[Given data]

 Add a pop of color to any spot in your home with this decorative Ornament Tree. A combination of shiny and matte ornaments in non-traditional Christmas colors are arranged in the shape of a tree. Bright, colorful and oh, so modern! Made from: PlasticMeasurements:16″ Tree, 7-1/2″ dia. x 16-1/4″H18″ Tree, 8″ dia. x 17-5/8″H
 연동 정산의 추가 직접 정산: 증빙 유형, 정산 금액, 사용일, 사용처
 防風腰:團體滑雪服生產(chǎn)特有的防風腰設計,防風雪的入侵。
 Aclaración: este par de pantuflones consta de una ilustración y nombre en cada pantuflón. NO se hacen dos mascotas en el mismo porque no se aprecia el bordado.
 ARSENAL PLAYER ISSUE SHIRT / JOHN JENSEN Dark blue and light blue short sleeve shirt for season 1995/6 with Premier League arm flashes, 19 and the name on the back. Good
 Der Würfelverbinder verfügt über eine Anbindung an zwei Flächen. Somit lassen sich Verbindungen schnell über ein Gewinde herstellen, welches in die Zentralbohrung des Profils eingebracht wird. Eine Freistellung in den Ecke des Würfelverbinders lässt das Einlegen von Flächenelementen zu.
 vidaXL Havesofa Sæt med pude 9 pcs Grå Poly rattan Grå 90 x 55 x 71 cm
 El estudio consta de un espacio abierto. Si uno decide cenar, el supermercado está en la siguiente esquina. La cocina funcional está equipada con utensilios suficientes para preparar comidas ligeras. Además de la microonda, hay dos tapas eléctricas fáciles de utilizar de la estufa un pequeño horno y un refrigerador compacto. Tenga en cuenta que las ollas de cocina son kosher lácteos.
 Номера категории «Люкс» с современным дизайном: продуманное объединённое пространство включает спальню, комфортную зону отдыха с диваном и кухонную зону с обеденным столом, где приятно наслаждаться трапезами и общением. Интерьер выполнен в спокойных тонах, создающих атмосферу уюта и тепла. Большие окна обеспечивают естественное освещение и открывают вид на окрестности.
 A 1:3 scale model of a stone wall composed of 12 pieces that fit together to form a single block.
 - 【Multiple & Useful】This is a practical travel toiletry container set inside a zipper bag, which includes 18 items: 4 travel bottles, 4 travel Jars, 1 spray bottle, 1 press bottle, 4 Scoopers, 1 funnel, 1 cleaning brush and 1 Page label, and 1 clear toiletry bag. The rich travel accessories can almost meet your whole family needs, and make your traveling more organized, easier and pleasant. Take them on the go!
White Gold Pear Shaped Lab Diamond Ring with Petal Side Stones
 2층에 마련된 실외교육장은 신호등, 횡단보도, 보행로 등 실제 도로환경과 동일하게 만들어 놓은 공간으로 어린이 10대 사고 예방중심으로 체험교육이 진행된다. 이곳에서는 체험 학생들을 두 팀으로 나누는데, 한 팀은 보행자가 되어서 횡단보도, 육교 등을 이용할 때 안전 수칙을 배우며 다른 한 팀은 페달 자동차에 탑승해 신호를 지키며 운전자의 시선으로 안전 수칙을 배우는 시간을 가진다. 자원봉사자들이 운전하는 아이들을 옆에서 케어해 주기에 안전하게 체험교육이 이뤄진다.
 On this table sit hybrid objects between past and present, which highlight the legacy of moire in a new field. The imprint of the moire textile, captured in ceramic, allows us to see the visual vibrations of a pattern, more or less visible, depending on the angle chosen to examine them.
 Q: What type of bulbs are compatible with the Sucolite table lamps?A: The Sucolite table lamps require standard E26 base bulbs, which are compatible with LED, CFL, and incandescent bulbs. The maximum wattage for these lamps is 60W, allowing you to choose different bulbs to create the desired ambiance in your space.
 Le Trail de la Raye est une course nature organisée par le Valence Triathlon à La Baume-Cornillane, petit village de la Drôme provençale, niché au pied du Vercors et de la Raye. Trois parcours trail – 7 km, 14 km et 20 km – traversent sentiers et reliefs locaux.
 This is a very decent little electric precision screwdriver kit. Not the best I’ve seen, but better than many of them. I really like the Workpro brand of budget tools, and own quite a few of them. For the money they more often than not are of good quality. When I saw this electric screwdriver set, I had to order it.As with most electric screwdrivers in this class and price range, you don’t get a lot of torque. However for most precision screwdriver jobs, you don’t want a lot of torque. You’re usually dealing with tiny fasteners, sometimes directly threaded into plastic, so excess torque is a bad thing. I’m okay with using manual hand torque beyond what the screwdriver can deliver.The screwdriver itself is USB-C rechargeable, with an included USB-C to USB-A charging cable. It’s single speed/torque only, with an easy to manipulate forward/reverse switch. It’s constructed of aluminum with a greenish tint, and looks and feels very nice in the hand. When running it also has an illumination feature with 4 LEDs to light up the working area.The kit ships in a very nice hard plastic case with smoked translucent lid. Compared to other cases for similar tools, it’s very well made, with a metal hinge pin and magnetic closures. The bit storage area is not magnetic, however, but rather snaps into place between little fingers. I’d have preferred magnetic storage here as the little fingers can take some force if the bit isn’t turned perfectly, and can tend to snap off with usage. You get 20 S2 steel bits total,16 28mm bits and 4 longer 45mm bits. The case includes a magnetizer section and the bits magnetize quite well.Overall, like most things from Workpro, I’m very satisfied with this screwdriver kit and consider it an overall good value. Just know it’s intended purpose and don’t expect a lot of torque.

[/Given data]

» **Work to be completed**:
The answer must reproduce every record exactly.

» **Exercise result**:
 Add a pop of color to any spot in your home with this decorative Ornament Tree. A combination of shiny and matte ornaments in non-traditional Christmas colors are arranged in the shape of a tree. Bright, colorful and oh, so modern! Made from: PlasticMeasurements:16″ Tree, 7-1/2″ dia. x 16-1/4″H18″ Tree, 8″ dia. x 17-5/8″H
 연동 정산의 추가 직접 정산: 증빙 유형, 정산 금액, 사용일, 사용처
 防風腰:團體滑雪服生產(chǎn)特有的防風腰設計,防風雪的入侵。
 Aclaración: este par de pantuflones consta de una ilustración y nombre en cada pantuflón. NO se hacen dos mascotas en el mismo porque no se aprecia el bordado.
 ARSENAL PLAYER ISSUE SHIRT / JOHN JENSEN Dark blue and light blue short sleeve shirt for season 1995/6 with Premier League arm flashes, 19 and the name on the back. Good
 Der Würfelverbinder verfügt über eine Anbindung an zwei Flächen. Somit lassen sich Verbindungen schnell über ein Gewinde herstellen, welches in die Zentralbohrung des Profils eingebracht wird. Eine Freistellung in den Ecke des Würfelverbinders lässt das Einlegen von Flächenelementen zu.
 vidaXL Havesofa Sæt med pude 9 pcs Grå Poly rattan Grå 90 x 55 x 71 cm
 El estudio consta de un espacio abierto. Si uno decide cenar, el supermercado está en la siguiente esquina. La cocina funcional está equipada con utensilios suficientes para preparar comidas ligeras. Además de la microonda, hay dos tapas eléctricas fáciles de utilizar de la estufa un pequeño horno y un refrigerador compacto. Tenga en cuenta que las ollas de cocina son kosher lácteos.
 Номера категории «Люкс» с современным дизайном: продуманное объединённое пространство включает спальню, комфортную зону отдыха с диваном и кухонную зону с обеденным столом, где приятно наслаждаться трапезами и общением. Интерьер выполнен в спокойных тонах, создающих атмосферу уюта и тепла. Большие окна обеспечивают естественное освещение и открывают вид на окрестности.
 A 1:3 scale model of a stone wall composed of 12 pieces that fit together to form a single block.
 - 【Multiple & Useful】This is a practical travel toiletry container set inside a zipper bag, which includes 18 items: 4 travel bottles, 4 travel Jars, 1 spray bottle, 1 press bottle, 4 Scoopers, 1 funnel, 1 cleaning brush and 1 Page label, and 1 clear toiletry bag. The rich travel accessories can almost meet your whole family needs, and make your traveling more organized, easier and pleasant. Take them on the go!
White Gold Pear Shaped Lab Diamond Ring with Petal Side Stones
 2층에 마련된 실외교육장은 신호등, 횡단보도, 보행로 등 실제 도로환경과 동일하게 만들어 놓은 공간으로 어린이 10대 사고 예방중심으로 체험교육이 진행된다. 이곳에서는 체험 학생들을 두 팀으로 나누는데, 한 팀은 보행자가 되어서 횡단보도, 육교 등을 이용할 때 안전 수칙을 배우며 다른 한 팀은 페달 자동차에 탑승해 신호를 지키며 운전자의 시선으로 안전 수칙을 배우는 시간을 가진다. 자원봉사자들이 운전하는 아이들을 옆에서 케어해 주기에 안전하게 체험교육이 이뤄진다.
 On this table sit hybrid objects between past and present, which highlight the legacy of moire in a new field. The imprint of the moire textile, captured in ceramic, allows us to see the visual vibrations of a pattern, more or less visible, depending on the angle chosen to examine them.
 Q: What type of bulbs are compatible with the Sucolite table lamps?A: The Sucolite table lamps require standard E26 base bulbs, which are compatible with LED, CFL, and incandescent bulbs. The maximum wattage for these lamps is 60W, allowing you to choose different bulbs to create the desired ambiance in your space.
 Le Trail de la Raye est une course nature organisée par le Valence Triathlon à La Baume-Cornillane, petit village de la Drôme provençale, niché au pied du Vercors et de la Raye. Trois parcours trail – 7 km, 14 km et 20 km – traversent sentiers et reliefs locaux.
 This is a very decent little electric precision screwdriver kit. Not the best I’ve seen, but better than many of them. I really like the Workpro brand of budget tools, and own quite a few of them. For the money they more often than not are of good quality. When I saw this electric screwdriver set, I had to order it.As with most electric screwdrivers in this class and price range, you don’t get a lot of torque. However for most precision screwdriver jobs, you don’t want a lot of torque. You’re usually dealing with tiny fasteners, sometimes directly threaded into plastic, so excess torque is a bad thing. I’m okay with using manual hand torque beyond what the screwdriver can deliver.The screwdriver itself is USB-C rechargeable, with an included USB-C to USB-A charging cable. It’s single speed/torque only, with an easy to manipulate forward/reverse switch. It’s constructed of aluminum with a greenish tint, and looks and feels very nice in the hand. When running it also has an illumination feature with 4 LEDs to light up the working area.The kit ships in a very nice hard plastic case with smoked translucent lid. Compared to other cases for similar tools, it’s very well made, with a metal hinge pin and magnetic closures. The bit storage area is not magnetic, however, but rather snaps into place between little fingers. I’d have preferred magnetic storage here as the little fingers can take some force if the bit isn’t turned perfectly, and can tend to snap off with usage. You get 20 S2 steel bits total,16 28mm bits and 4 longer 45mm bits. The case includes a magnetizer section and the bits magnetize quite well.Overall, like most things from Workpro, I’m very satisfied with this screwdriver kit and consider it an overall good value. Just know it’s intended purpose and don’t expect a lot of torque.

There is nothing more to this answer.